Atlas Cohort Definitions
In Atlas, a cohort definition starts by creating a Concept Set of medical codes of interest. The Concept Set is then used to create cohorts using additional criteria defined in Cohort Definitions.
Do not mix both standard and non-standard codes in the same Concept Set (see common mistakes below for more information).
Standard codes are given as "condition/procedure/observation" values while non-standard codes are given as "Source Concept" values.
Detailed instructions on how to define standard and non-standard codes in different circumstances are available here.
For example, when defining Inclusion Criteria in the example below:
standard codes are defined in the "condition occurrence of" box
non-standard codes are defined in the "Condition Source Concept" box
When defining Cohort Entry Events in the example below:
standard codes are defined in the "procedure occurrence of" box
non-standard codes are defined in the "Procedure Source Concept" box
Mixing standard and non-standard codes
To use both standard and non-standard codes at the same time, separate criteria must be defined for the standard and non-standard codes.
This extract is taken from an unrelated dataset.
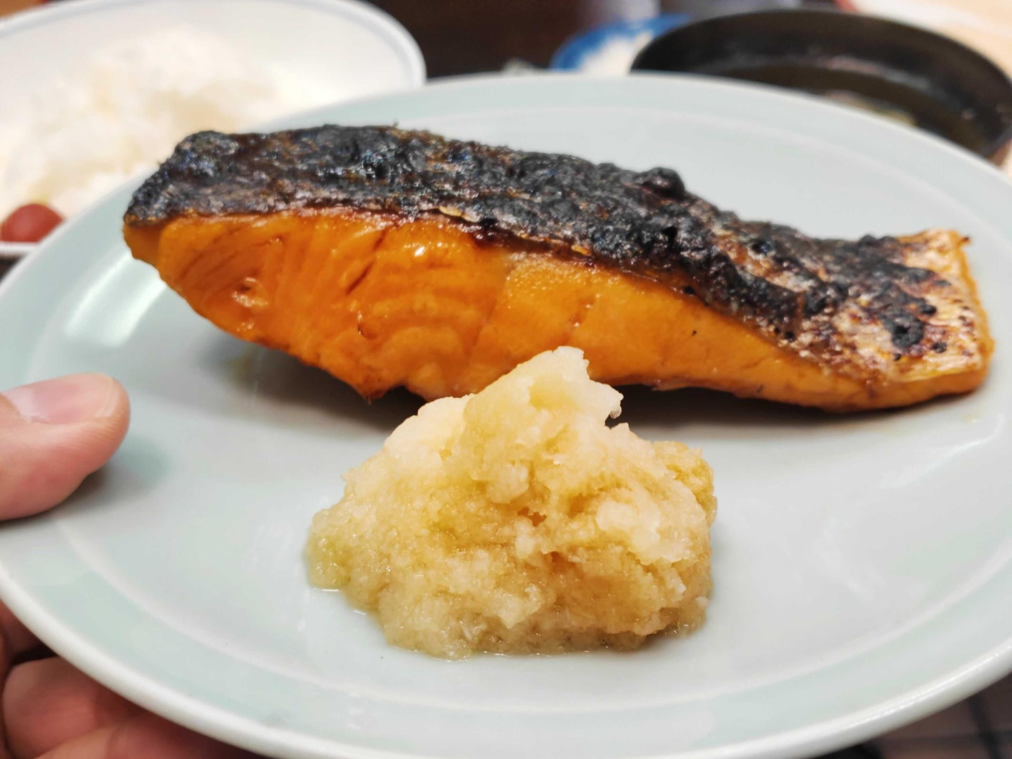 ・「魚竹」の銀鮭照り焼き 価格1100円、会社から5分

In the example below, we have created two Inclusion Criteria; the first for standard and the second for non-standard codes:
Common mistakes
A common mistake is to define both standard and non-standard codes using the same criteria. This will select patients that have both standard and non-standard codes instead of patients with either standard or non-standard codes.
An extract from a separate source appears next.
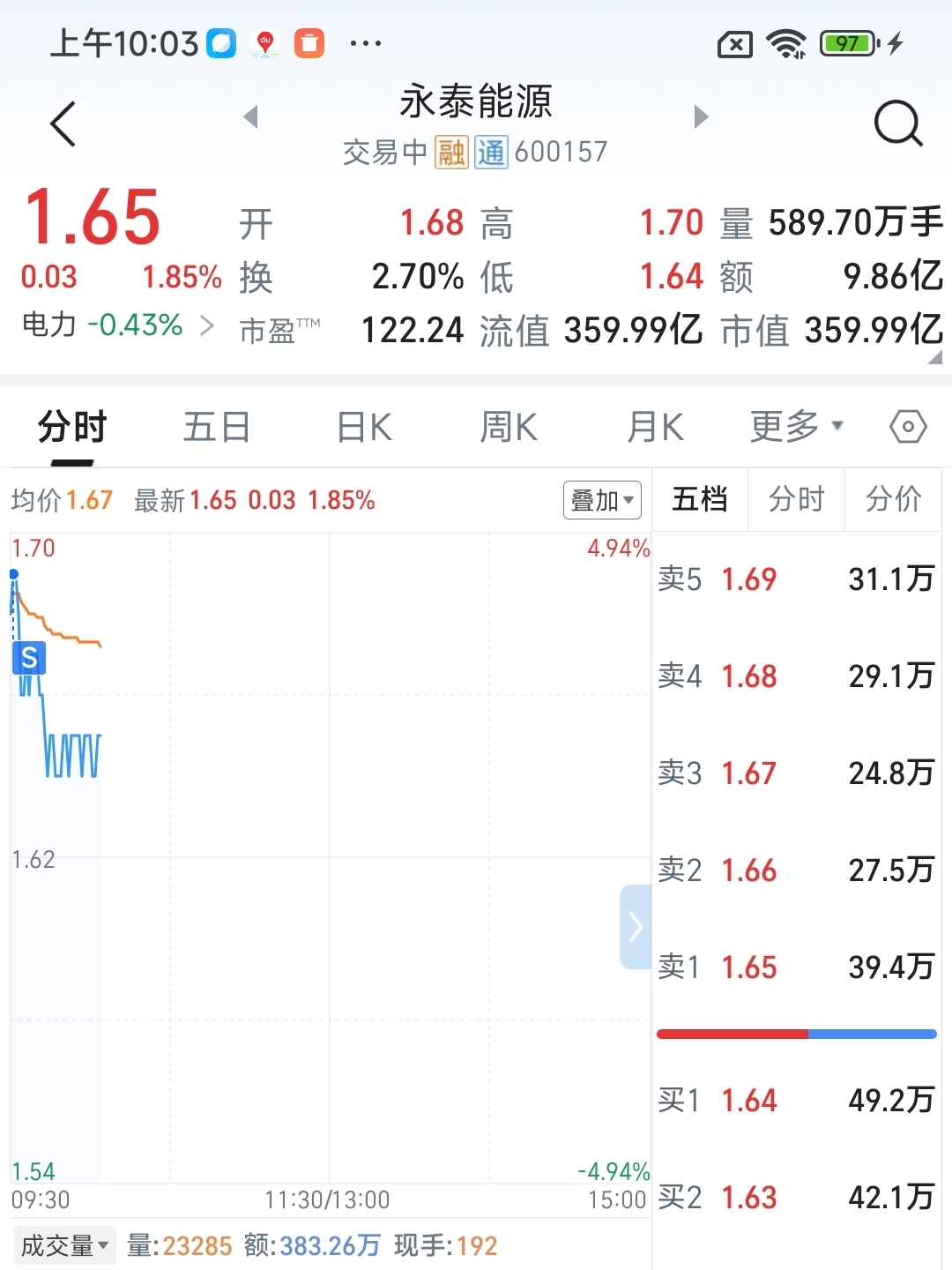 $永泰能源(SH600157)$ 昨天1.63朱力不收,今天全收了

If you define both standard and non-standard codes using the same criteria then the search will first create a group of patients that have the standard codes and then from this group select only those patients that also have the non-standard codes. As a result, we have patients with both standard and non-standard codes instead of patients with standard or non-standard codes.
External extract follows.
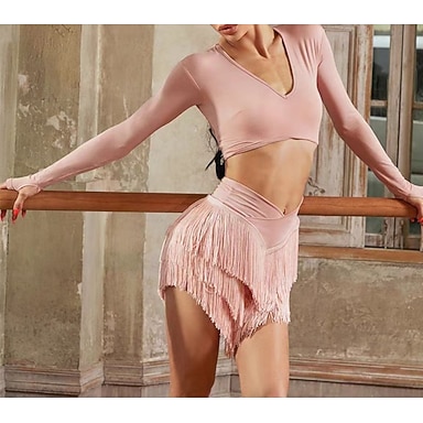 Baile Latino Ropa de Baile para Niños Baile latino de salsa Faldas Corte Chica Rendimiento Ropa Cotidiana Manga Larga Cintura Alta Licra

Do not define both standard and non-standard codes using the same criteria:
Another common mistake is to create a Concept Set with both standard and non-standard codes.
Another common mistake is to create a Concept Set with mixed standard and non-standard codes and then use this Concept Set in the "condition/procedure/observation" or the "Source Concept" box. This search will result in patients with either standard or non-standard codes depending on which box was used.